Location sensors are available in all mobile devices, data can be accessed easily, location and motion are relatively precise and the sensors are cost-free. When it comes to the conditions for smart surveys, we did identify several points of concern: location-time points can contain sensitive information beyond mere distances that respondents may not wish to reveal. Furthermore, location and motion data cannot easily be accessed and interpreted by respondents themselves without extensive data handling at the researcher and respondent side. In 2018, we did not consider data donation of travel data such as Google timelines.
3.2.2. Household Expenditure
For household expenditures, we identified one internal sensor option and two data donation options. The sensor option is the camera that allows for scanning/photographing paper receipts of purchases. The scans may subsequently go through OCR (Optical Character Recognition) and language processing to categorize what is being bought at what price into COICOP (Classification of Individual Consumption by Purpose) categories (Gausden and Hasan 2024). Two potential data donation options are bank transactions data and loyalty card data. Respondents can download bank transactions data through bank services and relevant transactions could be added to household purchases. They need to be linked separately for each bank. Loyalty card data contain all purchases made by registered customers and can be downloaded by respondents. Again linkage needs to be done per shopping chain.
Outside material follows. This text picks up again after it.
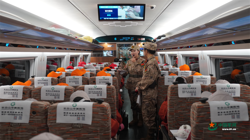 “列車正在通過的這片區(qū)域,就是當年楊靖宇將軍率領將士戰(zhàn)斗過的地方,你們走過的每一寸鐵軌,都浸染著抗聯(lián)將士們的熱血……”在前往沈陽的高鐵上,通化軍分區(qū)的民兵紅色講解員為學生講述抗聯(lián)故事,組織學唱抗聯(lián)歌曲。

While data access and costs as conditions score positively throughout all options, the options varied in the pull-factors and conditions of willingness, ability, and data handling. Bank transactions data require online banking options and loyalty card require subscriptions, meaning that not all respondents are likely able to provide these data. Furthermore, there are likely multiple banks and shops involved. Also the data quality was deemed diverse. Bank transactions data only contain totals and relatively basic descriptions of the characteristics of transactions. As a consequence, for purchases stretching across multiple expenditure categories, such as groceries, data are insufficiently rich. Willingness for bank transactions data donation were anticipated to be prohibitive. The task of scanning of receipts was viewed as burdensome, potentially also affecting willingness. Summarizing, there are weaknesses to all smart features. Data donation was not pursued into a testing phase.
3.2.3. Physical Activity
For physical activity, a standard questionnaire module in health surveys such as the European Health Interview Survey (EHIS), we considered three smart options: provision of physical activity trackers/accelerometers, provision of heart rate/respiratory trackers, and data donation of respondent-owned wearables. Physical activity trackers come in many forms. We considered research-grade activity trackers that are focused on the academic market and allow for retrieving raw data. Because activity trackers measure motion but not necessarily effort/energy use, we considered additional wearables to measure heart rate and/or respiration. Data donation of respondent-owned wearables is diverse as there is no control over brands and models.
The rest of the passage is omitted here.